Activity>
Whenever a picture appears in the listing below, leave it out, and copy exactly the lines from the one containing "위기에 놓이게끔 하였습니다." through the end.

Provided material>
○ ○ ○ ○ ○ ○ ○
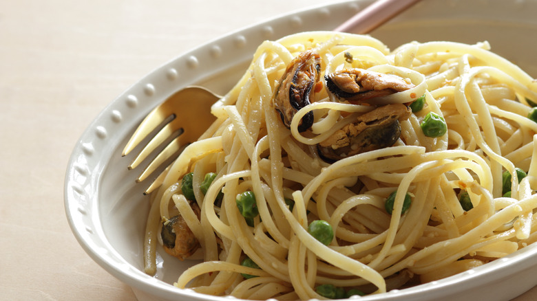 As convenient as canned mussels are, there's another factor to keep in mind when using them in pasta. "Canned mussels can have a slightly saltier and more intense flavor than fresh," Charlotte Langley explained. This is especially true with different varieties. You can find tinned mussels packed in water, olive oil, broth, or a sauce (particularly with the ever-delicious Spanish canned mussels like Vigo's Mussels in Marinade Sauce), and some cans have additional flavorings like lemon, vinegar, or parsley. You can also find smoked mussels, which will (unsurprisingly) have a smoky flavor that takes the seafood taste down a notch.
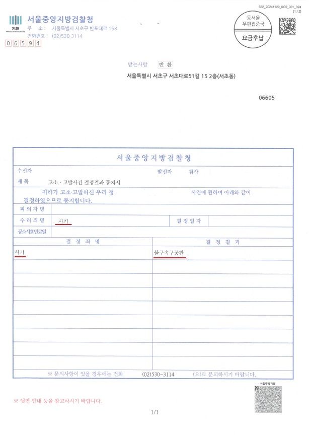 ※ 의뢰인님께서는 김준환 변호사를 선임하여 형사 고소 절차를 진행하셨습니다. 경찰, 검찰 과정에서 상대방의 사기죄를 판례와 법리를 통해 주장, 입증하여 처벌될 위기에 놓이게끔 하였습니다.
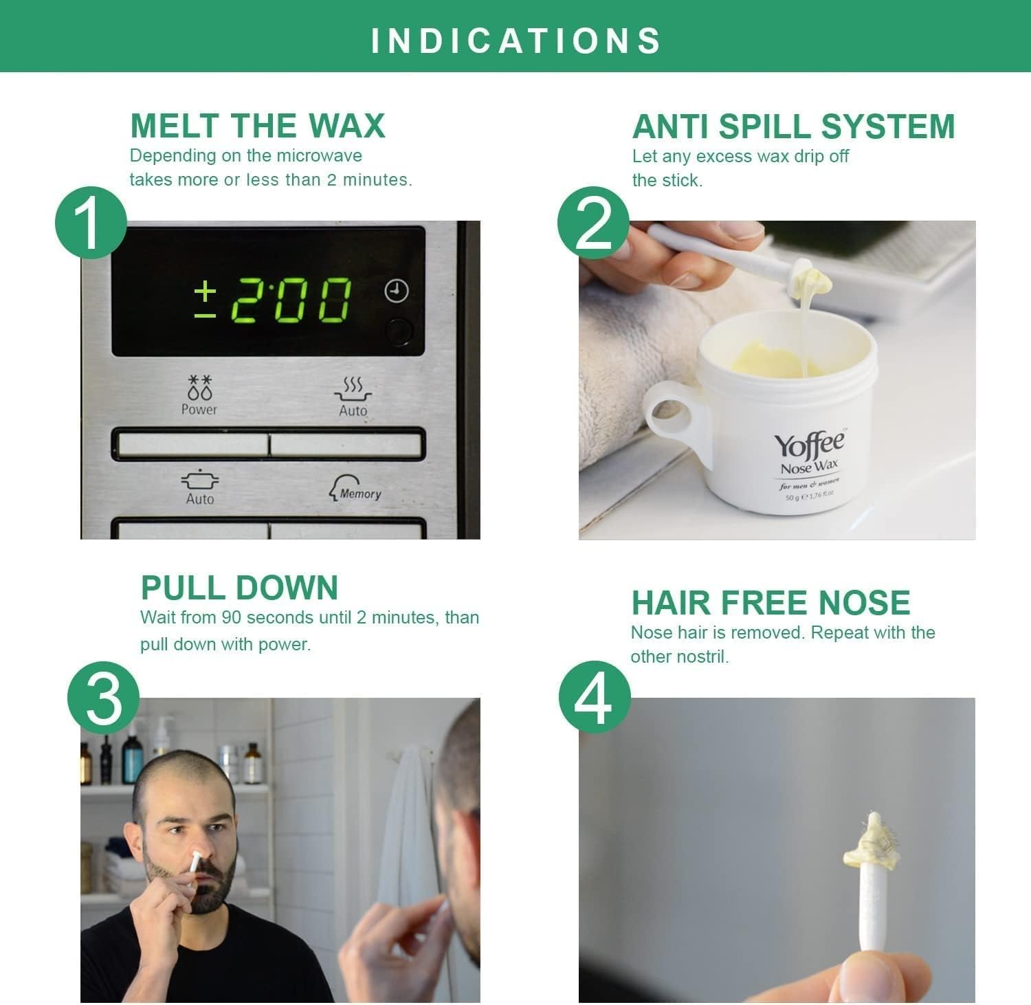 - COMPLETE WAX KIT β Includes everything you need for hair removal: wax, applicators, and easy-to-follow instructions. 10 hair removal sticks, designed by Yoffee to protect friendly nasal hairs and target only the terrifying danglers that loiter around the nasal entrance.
○ ○ ○ ○ ○ ○ ○
Worked solution>
 ※ 의뢰인님께서는 김준환 변호사를 선임하여 형사 고소 절차를 진행하셨습니다. 경찰, 검찰 과정에서 상대방의 사기죄를 판례와 법리를 통해 주장, 입증하여 처벌될 위기에 놓이게끔 하였습니다.
 - COMPLETE WAX KIT β Includes everything you need for hair removal: wax, applicators, and easy-to-follow instructions. 10 hair removal sticks, designed by Yoffee to protect friendly nasal hairs and target only the terrifying danglers that loiter around the nasal entrance.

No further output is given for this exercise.